Лиза с облегчением перевела дух и посмотрела на толпу. Девочке подумалось, что, если бы не ехидные замечания волшебника, она тоже бы сейчас водила вслед мышекрысам стеклянными глазами. Бр-р-р, какой ужас!

В это время строй мышекрысов образовал круг, круг превратился в треугольник, а потом крылатые гвардейцы вновь выстроились в каре, оцепив трон, но барабанная дробь не смолкла. Мышекрысы замерли и вскинули черные флаги перепончатых крыльев, изображая приветственный салют. На площадь мелкой россыпью выкатились несколько взлохмаченных гоблинов и шустро раскатали лиловую ковровую дорожку от трона и вниз по ступенькам, а. потом не без натуги установили перед троном внушительных размеров треножник. Два гоблина торжественно вынесли на бархатных подушках скипетр в виде черной змеи с оскаленной пастью, в которой извивался раздвоенный язык, и круглую державу. Они застыли по обе стороны треножника, выкатив глаза от усердия. «Уху, — снова зашипел Филин. — Вторая часть Марлезонского балета». Шестерка крупных мышекрысов, вооруженных алебардами и возглавляемая Веспертилио, чьи крылья отливали антрацитовым глянцем, выступила вперед, сопровождая мелко семенивший к помосту уже знакомый Лизе ларец на изогнутых деревянных ножках. Потоптавшись на месте, ларец вспрыгнул на поставленный гоблинами треножник. Лизе показалось, что он проделал все это с явной неохотой, да и на треножнике стоять спокойно не мог — ерзал и переминался с ножки на ножку, словно подумывая сбежать. «Бедный! — неожиданно для себя пожалела ларчик Лиза. — У него же Корона внутри, с Карбункулом. И вообще, его же спалить придется, а он так вокруг меня прыгал тогда в Сокровищнице!»

Но тут откуда-то сбоку появились четверо сутулых троллей с закрытыми носилками на плечах, и Лиза забыла обо всем на свете. Сердце у нее заколотилось: она поняла, кто скрывается там, за качающимися лиловыми занавесками с черными кистями. Тролли, от шагов которых дрожала земля, неуклюже пронесли носилки по дорожке и поставили возле трона. Лиза прикусила губу: лиловые занавески медленно раздернулись и из носилок выбралась горбатая рыжеволосая фигура. «Это не Инго, — твердила себе Лиза, с дрожью глядя, как он слезает на покрытые лиловым ковром ступени. — Это пока еще не Инго… Я не буду называть его Инго. Ни за что. Это… это…». «Правильно, — тихо сказал у нее за спиной Филин. — Это коронуемый». Лиза потихоньку обернулась посмотреть на Филина. Волшебник был похож не то что на натянутый лук, а на шаровую молнию. А толпа зрителей по-прежнему стояла неподвижно и безмолвно. «Смотрят и не видят. Слушают и не слышат. Они как манекены. Нет, хуже, они какие-то совсем неживые…» — передернулась Лиза.

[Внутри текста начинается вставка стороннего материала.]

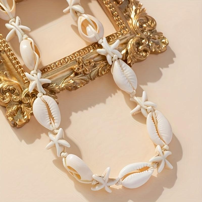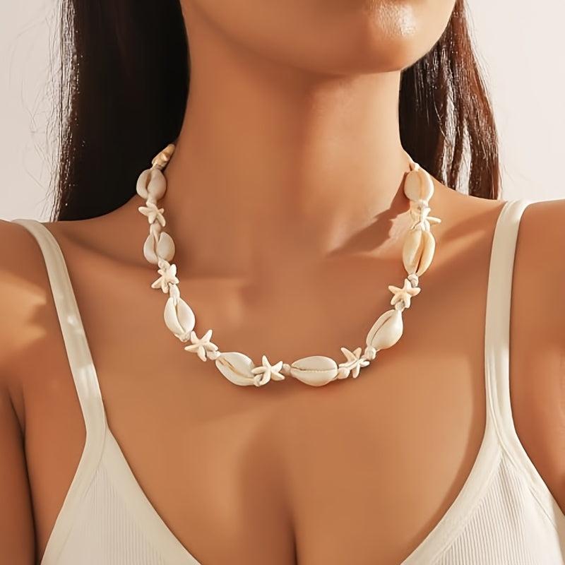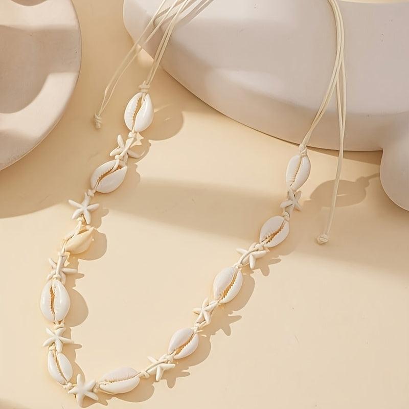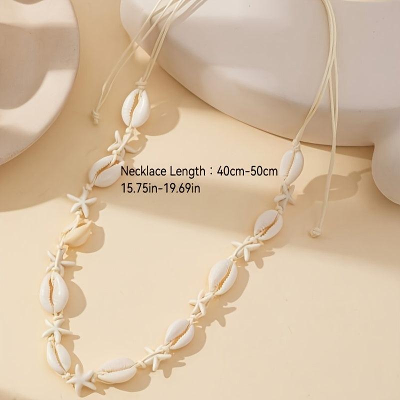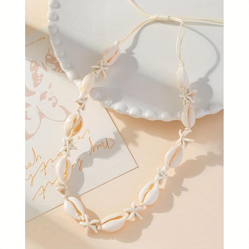 Elevate your summer style with this adjustable shell necklace featuring natural beads and a starfish pendant. Perfect for beach vacations and parties.
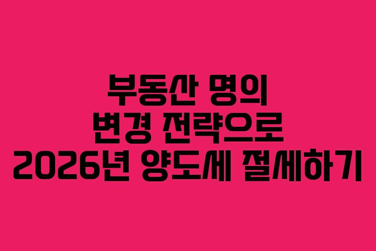 2026년 세법 개정은 부동산 관련 세금에 큰 변화를 가져올 수 있습니다. 따라서 명의 변경을 포함한 세무 계획을 수립할 때 영향을 미치는 요소를 충분히 고려해야 합니다.

Светильники по-прежнему еле мерцали. Коронуемый под конвоем шестерых черных стражников проковылял к трону. Застыл, вцепившись в подлокотник и опустив голову, — неподвижный, как восковая кукла. Почему-то на сей раз на нем был не чёрный камзол, а снежной белизны рубашка, которая, в сочетании с рыжей шевелюрой, ярким пятном выделялась на фоне окружающего фиолетового сумрака. И вдруг горбатый карлик с руками, свисавшими ниже колен, поднял голову и поверх толпы посмотрел прямо на Лизу. Она едва удержалась, чтобы не вскрикнуть: из-под слипшихся рыжих волос, с морщинистого носатого лица на нее в упор глядели знакомые зеленые глаза, совершенно осмысленные и невыносимо тоскливые. И ей в голову вползла паническая мысль, от которой уж точно впору было разреветься: «А вдруг все совсем плохо? А вдруг это не… ну, не карлик, не ночной Инго, а настоящий?! Это же клетка похуже филинской! Вдруг Мутабор запихнул его в это, а он все понимает и сделать ничегошеньки не может?!» Взгляд зеленых глаз не отпускал ее, и тогда Лиза беззвучно, одними губами зашептала: «Потерпи… ну пожалуйста, потерпи…» Рыжий карлик опустил глаза и стал смотреть в землю, застланную фиолетовым ковром.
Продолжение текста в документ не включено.